-------- Record extracts

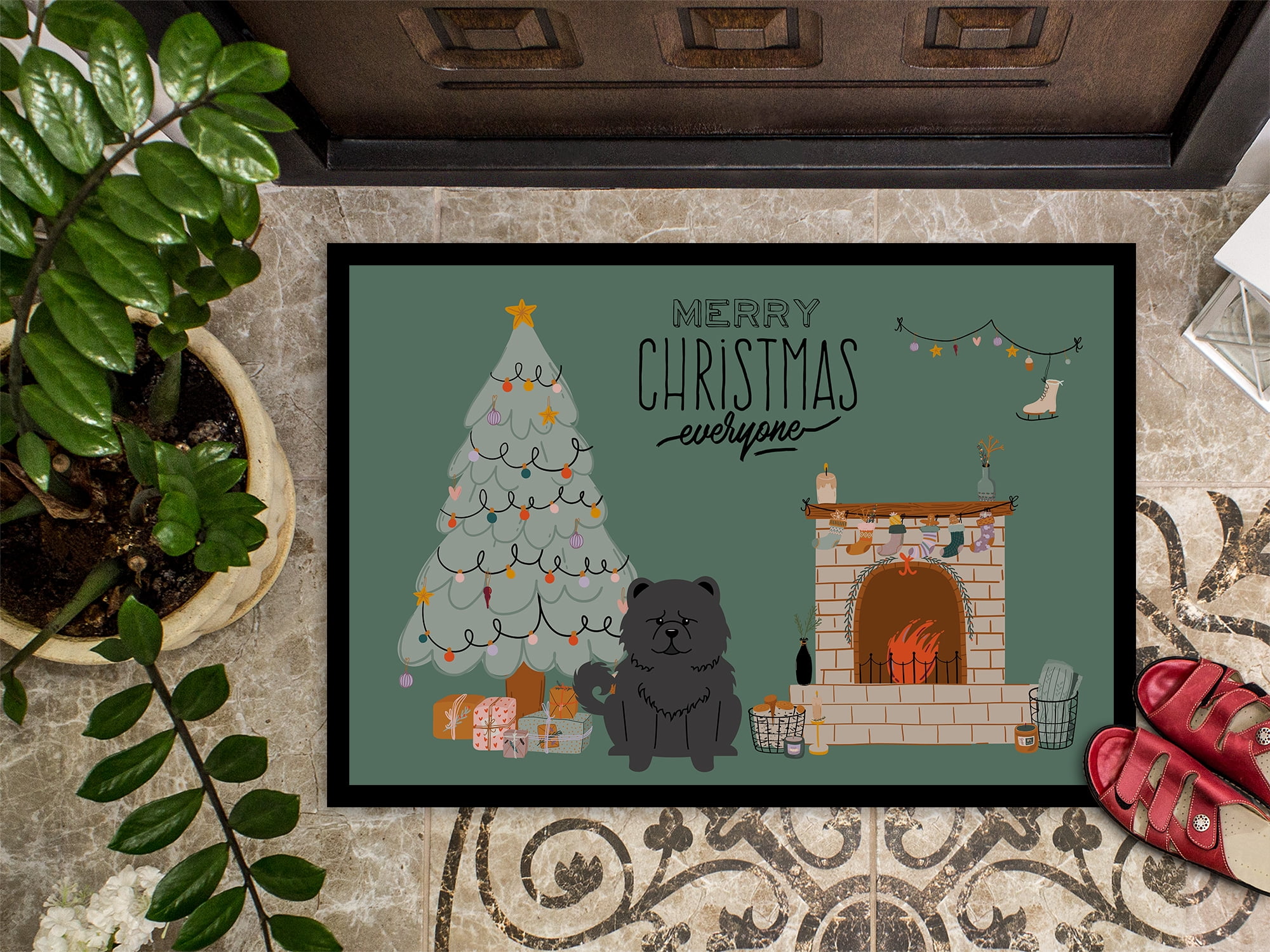 Black Chow Chow Christmas Everyone Door Mat
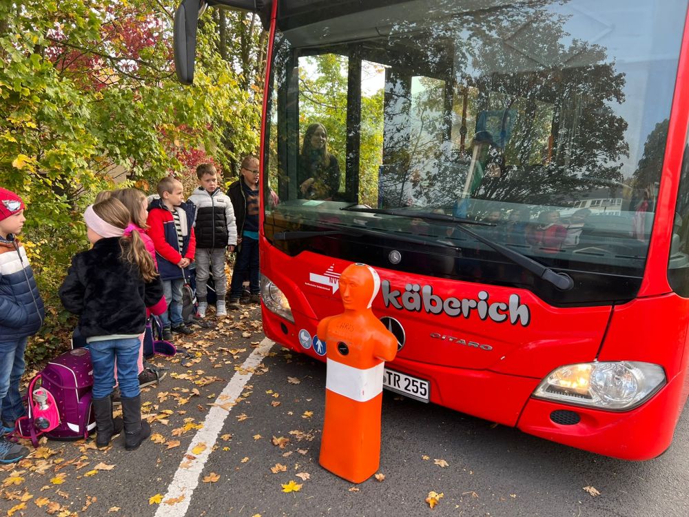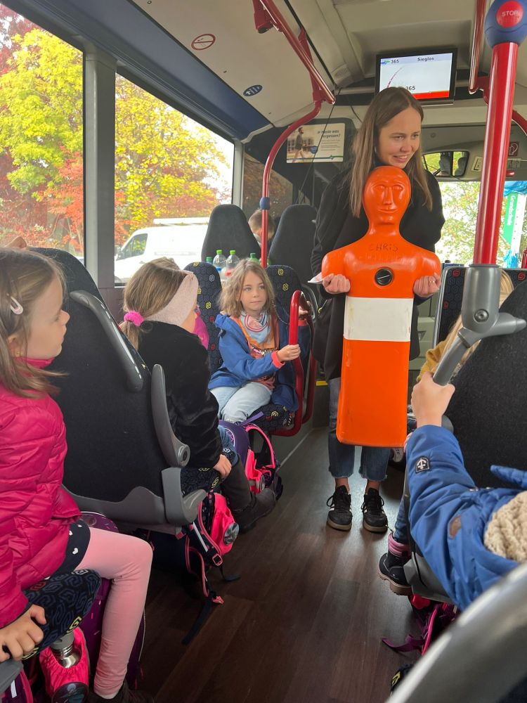 Mit kurzen Notbremsungen im Schulbus wurde den Kindern verdeutlicht, wie wichtig das Festhalten während der Fahrt ist.
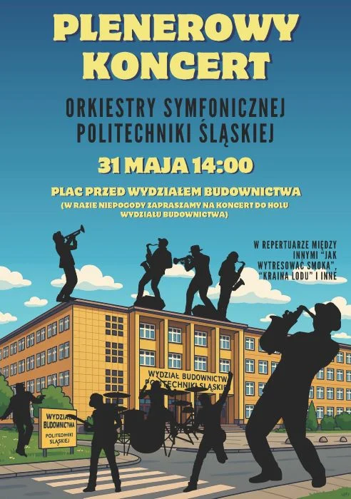 Koncert odbędzie się niezależnie od warunków atmosferycznych. W razie niepogody – w holu Wydziału Budownictwa. Wstęp wolny.
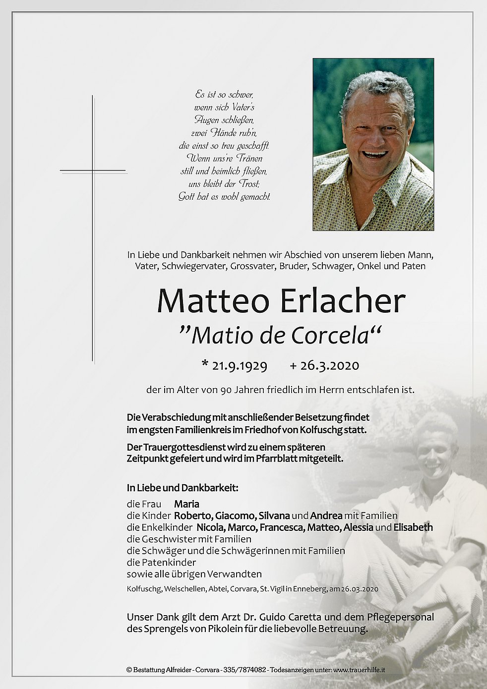 Die Verabschiedung mit anschließender Beisetzung findet im engsten Familienkreis im Friedhof von Kolfuschg statt.
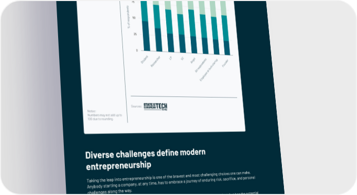 How attractive do you think it is to become a founder of a European tech company now compared to 12 months ago? Less attractive 100 About the same More attractive 75 s t n e d n o p 50 s e r f o % 25 0 t r P C l s p r n e L V ge nt u e e h n e rt d d c n u r A d a u t a n t o S e o s F s p h e s c R e e r t l t l a A e e y lo p m E Sources: Notes: Numbers may not add up to 100 due to rounding. Diverse challenges de昀椀ne modern entrepreneurship Taking the leap into entrepreneurship is one of the bravest and most challenging choices one can make. Anybody starting a company, at any time, has to embrace a journey of enduring risk, sacri昀椀ce, and personal challenges along the way. That is why it’s essential to remove barriers to entrepreneurship to unlock latent talent that has the potential to succeed. To explore this, we asked survey respondents this year to share their perceptions of the greatest barriers for founders looking to start a company in Europe today. The top responses are a lack of access to external 昀椀nancing (59%) and personal 昀椀nancial constraints (48%), followed by the uncertainty created by the macro backdrop (43%). This aligns with 昀椀ndings explored else- | 170
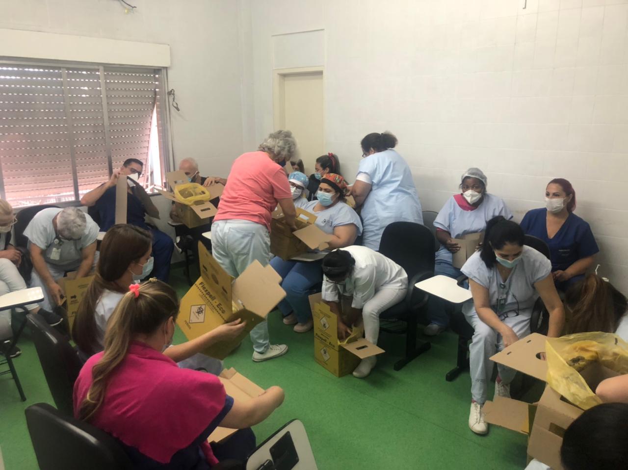 Além disso, as técnicas de segurança do trabalho fizeram uma oficina de montagem de descarpack. Para realizar o trabalho, as profissionais contaram com o apoio dos plantões administrativos do turno da noite, Elton Muniz da Rocha e Isabel Cristina Radmann.
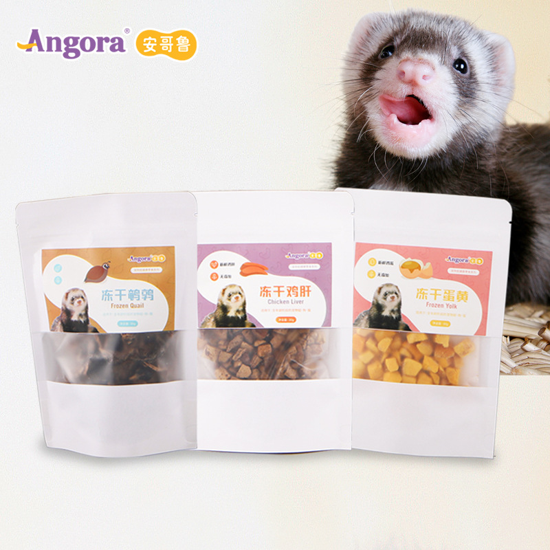 Anglu cerpelai hewan peliharaan ferret, makanan ringan latihan bulu unggas kering hati ayam kuning telur puyuh 30g
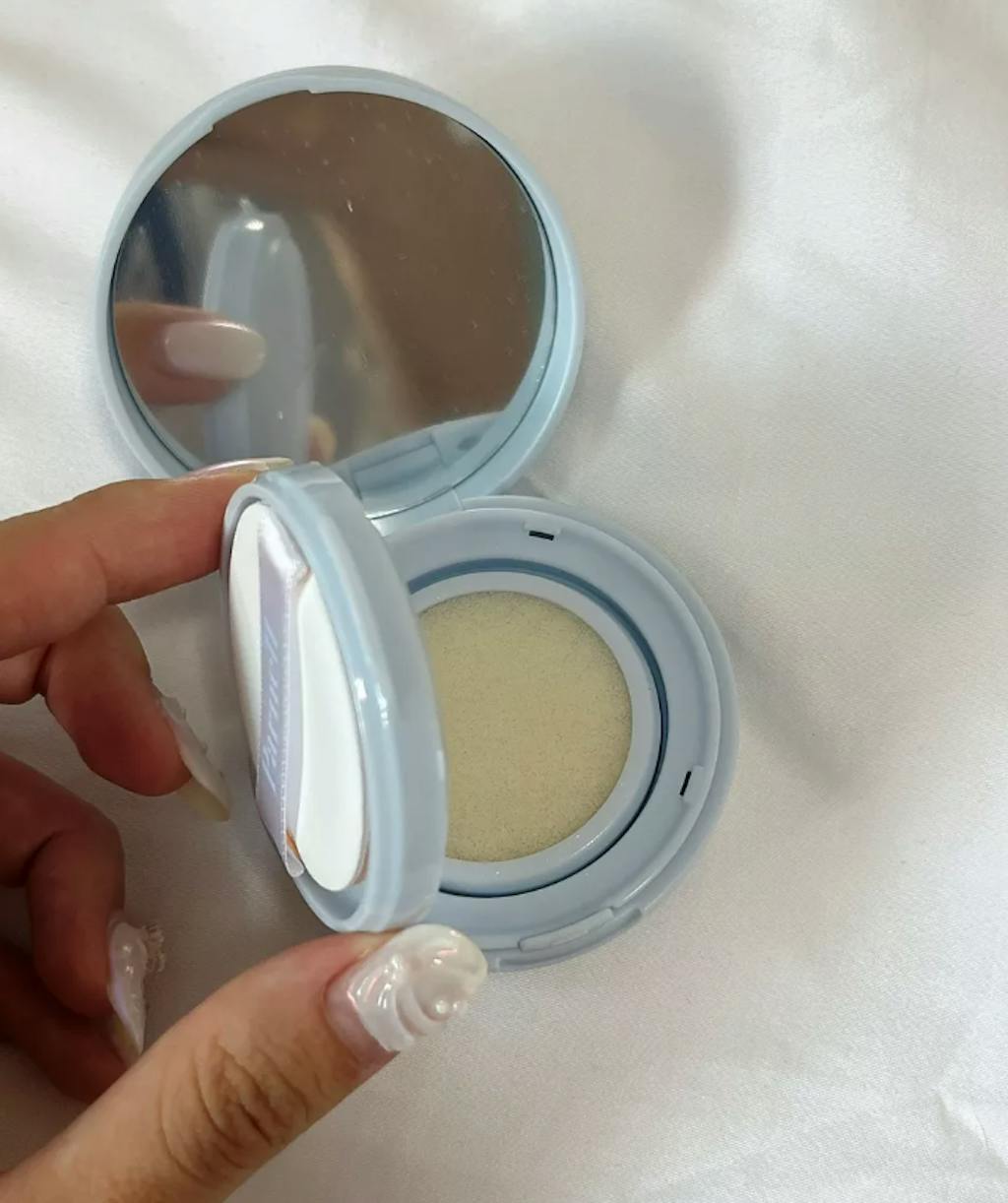 Lightly pat the product 1–2 times onto the same area to ensure even coverage. Avoid rubbing the puff against your skin, as a sliding motion may cause your makeup to look cakey or lead to pilling.

----------------

◆ **Work item**
Word for word and without any pictures, return all of the lines above.

◆ **Written reply**
 Black Chow Chow Christmas Everyone Door Mat
 Mit kurzen Notbremsungen im Schulbus wurde den Kindern verdeutlicht, wie wichtig das Festhalten während der Fahrt ist.
 Koncert odbędzie się niezależnie od warunków atmosferycznych. W razie niepogody – w holu Wydziału Budownictwa. Wstęp wolny.
 Die Verabschiedung mit anschließender Beisetzung findet im engsten Familienkreis im Friedhof von Kolfuschg statt.
 How attractive do you think it is to become a founder of a European tech company now compared to 12 months ago? Less attractive 100 About the same More attractive 75 s t n e d n o p 50 s e r f o % 25 0 t r P C l s p r n e L V ge nt u e e h n e rt d d c n u r A d a u t a n t o S e o s F s p h e s c R e e r t l t l a A e e y lo p m E Sources: Notes: Numbers may not add up to 100 due to rounding. Diverse challenges de昀椀ne modern entrepreneurship Taking the leap into entrepreneurship is one of the bravest and most challenging choices one can make. Anybody starting a company, at any time, has to embrace a journey of enduring risk, sacri昀椀ce, and personal challenges along the way. That is why it’s essential to remove barriers to entrepreneurship to unlock latent talent that has the potential to succeed. To explore this, we asked survey respondents this year to share their perceptions of the greatest barriers for founders looking to start a company in Europe today. The top responses are a lack of access to external 昀椀nancing (59%) and personal 昀椀nancial constraints (48%), followed by the uncertainty created by the macro backdrop (43%). This aligns with 昀椀ndings explored else- | 170
 Além disso, as técnicas de segurança do trabalho fizeram uma oficina de montagem de descarpack. Para realizar o trabalho, as profissionais contaram com o apoio dos plantões administrativos do turno da noite, Elton Muniz da Rocha e Isabel Cristina Radmann.
 Anglu cerpelai hewan peliharaan ferret, makanan ringan latihan bulu unggas kering hati ayam kuning telur puyuh 30g
 Lightly pat the product 1–2 times onto the same area to ensure even coverage. Avoid rubbing the puff against your skin, as a sliding motion may cause your makeup to look cakey or lead to pilling.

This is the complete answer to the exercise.